Mavi ceket'i sevdiği kızın üzerine örtüp yanağına minik bir buse kondurdu.
_ _ _ _ _ _ _ _ _ _
Genç, sevdiği kız kumda oturup sessizce ağlarken yanına gidip ona sarılamadığı için kendine lanet ediyordu. Uzaktanda olsa konuştu. Her ne kadar kendisini duymayacağını bilsede..
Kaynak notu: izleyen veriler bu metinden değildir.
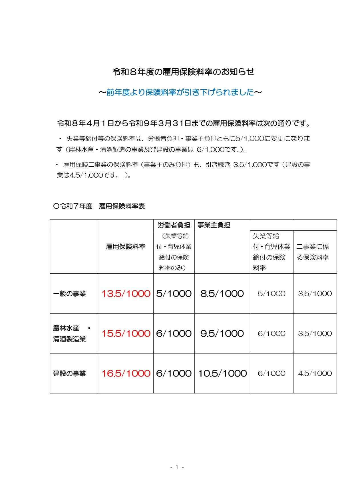 ~前年度より保険料率が引き下げられました~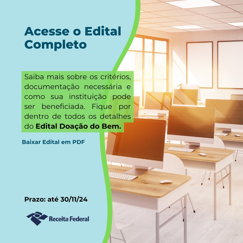 Saiba mais (Site Receita Federal do Brasil – acesse o Edital e o Manual da Doação do Bem 2024): Doações de mercadorias apreendidas ou abandonadas — Receita Federal (www.gov.br)
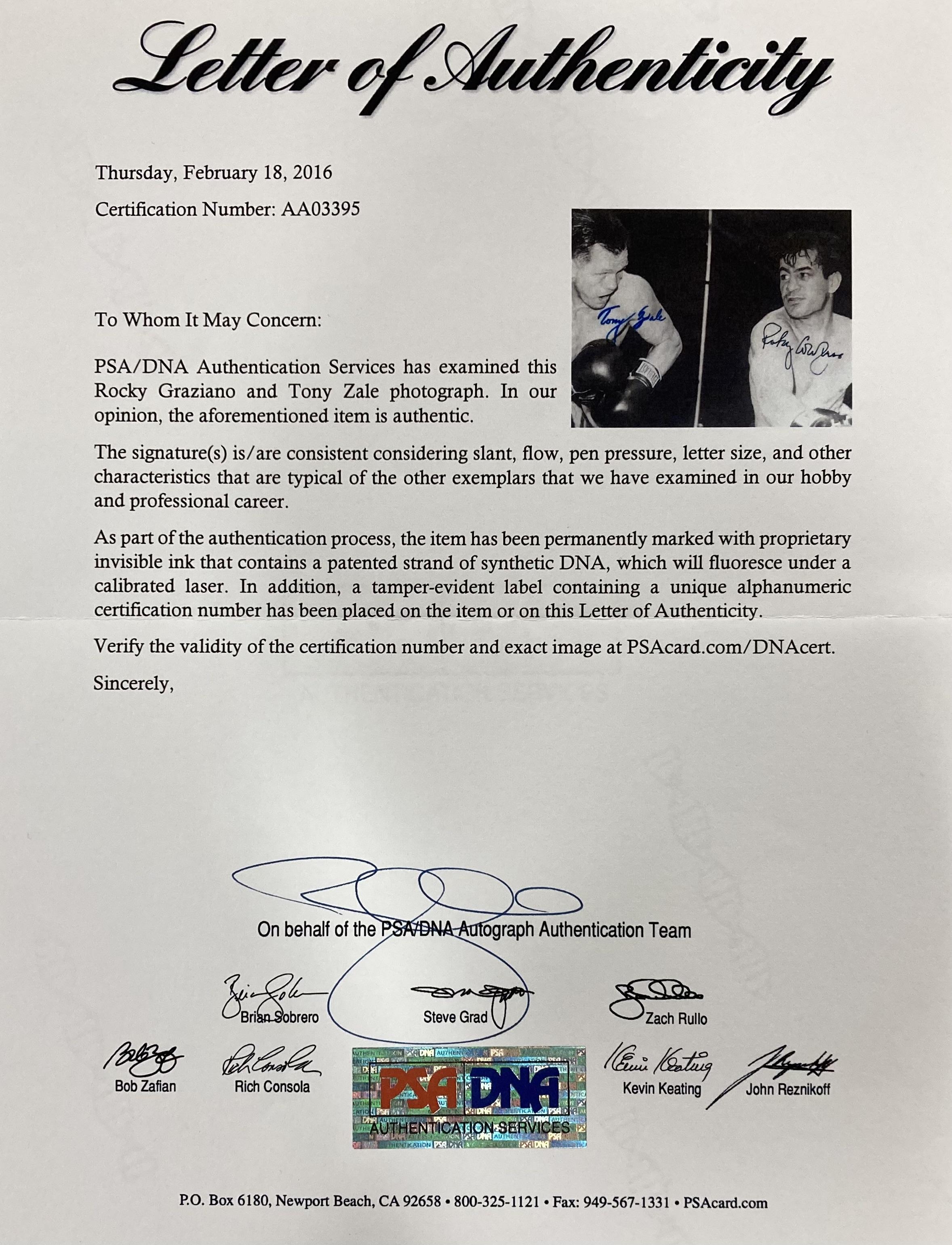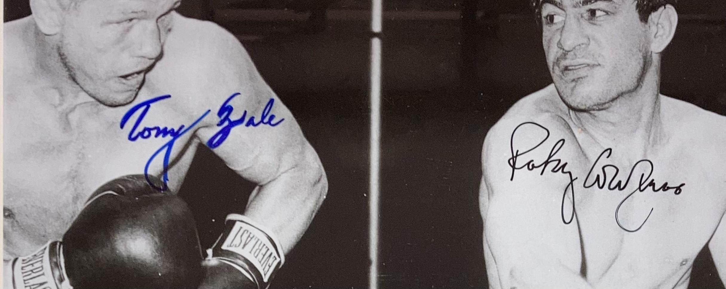 Custom framed photo display measures 11" x 14" in size and features a photo that has been hand signed by Rocky Graziano and Tony Zale.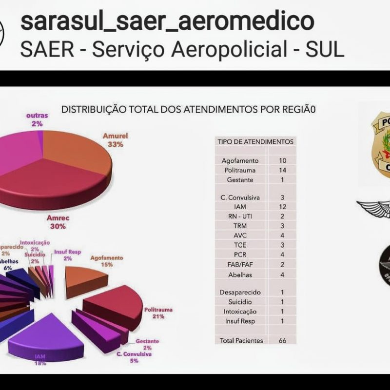 Em pouco mais de três meses de funcionamento, o Serviço Aeropolicial e Aeromédico (Saer/Sarasul), já fez mais de 66 atendimentos em toda a região Sul do estado. O número está em um relatório apresentado pelo serviço na última semana e que contabilizou os trabalhos realizados pelo serviço entre 21 de dezembro de 2020, data em que o Saer/Sarasul passou a operar, e o último dia 5 de abril. Ainda segundo o levantamento, neste período o maior número de atendimentos foi de vítimas de afogamento(10), politraumas(14) e Infarto Agudo do Miocárdio(12). “O início do serviço coincidiu com a temporada de veraneio em momento de pico, e como o litoral é bem extenso, a gente já esperava o número de afogamentos. Na questão dos IAM, se você realiza um procedimento chamado trombólise em até duas horas do início do infarto, você tem uma taxa de recuperação de até 100% do paciente, ele fica praticamente sem sequelas. Por isso a necessidade da rapidez da aeronave”, explica Gilberto Crepaldi Mondini, delegado de polícia e piloto de helicóptero, que atua no Saer. A mesma lógica se aplica na questão dos Acidentes Vasculares Cerebrais, AVCs.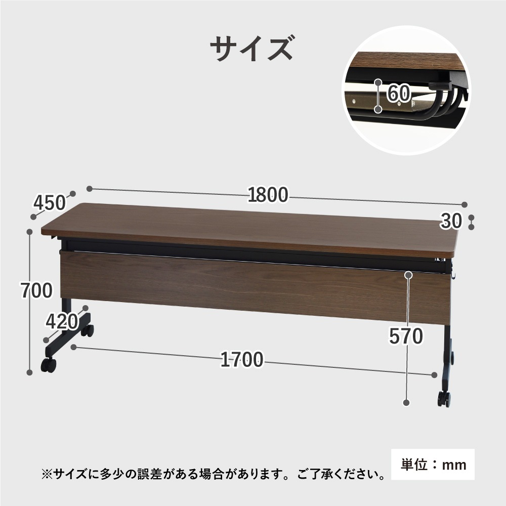 - フォールディングテーブル 幅1800×奥行450mm 会議用テーブル 折りたたみ 幕板付き GLF-1845M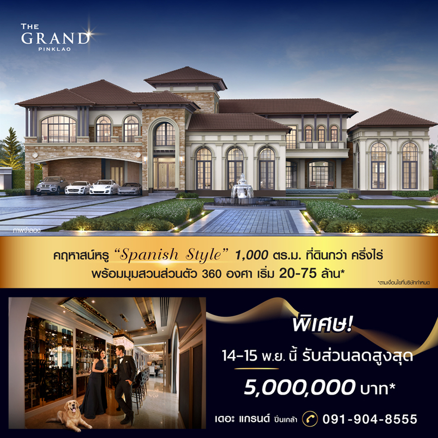 Promotion : คฤหาสน์หรู " Spanish Style " 1,000 ตร.ม. ที่ดินใหญ่กว่าครึ่งไร่ พร้อมมุมสวนส่วนตัว 360 องศา เริ่ม 20-75 ล้าน* พิเศษ 14-15 พ.ย. นี้ รับส่วนลดสูงสุดกว่า 5,000,000 บาท* ในอาณาจักรสแปนิช ที่สุดแห่งความภูมิฐาน คลับเฮ้าส์หรูดีไซน์เท่ โดดเด่นเป็นเอกลักษณ์ใหม่ สง่างาม บนทำเลศักยภาพ ย่านปิ่นเกล้า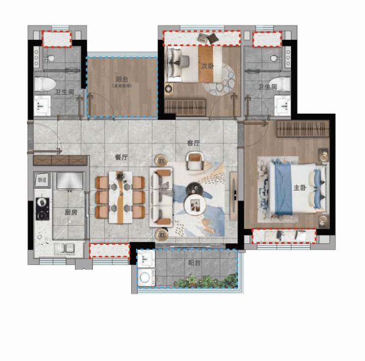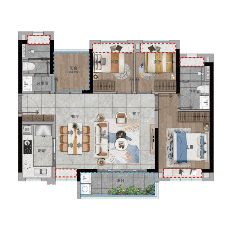 特点:横厅设计,搭配餐厅飘窗及超大阳台,纯南朝向,全屋超大飘窗设计,南北对流,通透明亮,主卧套间尊贵感十足。
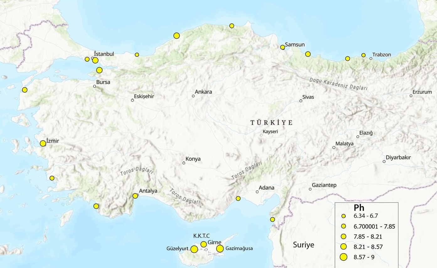 “İlk izlenim olarak Karadeniz ve Doğu Akdeniz’in, kıyılarımızda kirlilik ve biyolojik üretkenlikle paralel pH değerleri 8’in altında ölçüldü yani bu bölgelerde daha asidik bir durum gözlemlendi. Örneğin Mersin kıyılarında 7.7, Karadeniz 7.8, Marmara 7.9 civarı değerler olduğu görüldü. Görece daha temiz kıyılara sahip KKTC’de ise daha alkali (8.4 civarı) bir durum gözlemlendi.”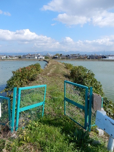 元来た道を戻り、池の南側を迂回します。…天理軽便鉄道コノ築堤
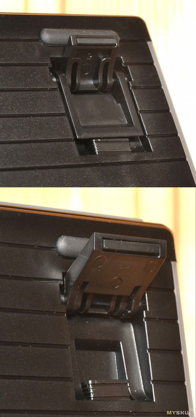 По бокам полоски для RGB подсветки. Есть силиконовые ножки против скольжения и складные опоры.Опоры на два положения: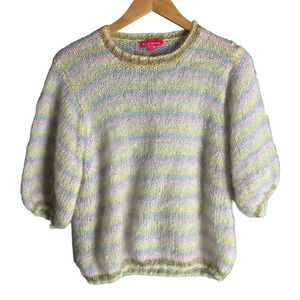 Rose Carmine Striped Mohair Blend Pullover Crew Neck Sweater in Pastel Pink Green Yellow Blue with Gold Mettalic Trim. Size 1 (S / M). Features crew neck, short puff sleeves, and open knit with gold metallic details at ribbed cuff, collar & hem. 70% Mohair, 25% Wool, 5% Polyamide. Excellent condition, no flaws.

"sana bu kadar soğuk olduğum için özür dilerim..
sana seni sevdiğimi söyliyemediğim için özür dilerim..
seni kaybetmekten korktuğum için özür dilerim..
benim yüzümden ağladığın için özür dilerim..
'o güzel gözlerinin dolmasını sevmiyorum'
sevmediğim şeyi sana yaptığım için özür dilerim..
denizi izle Jisoo, duy denizin sesini.. ordan seninle konuşacağım, duy beni Jisoo.."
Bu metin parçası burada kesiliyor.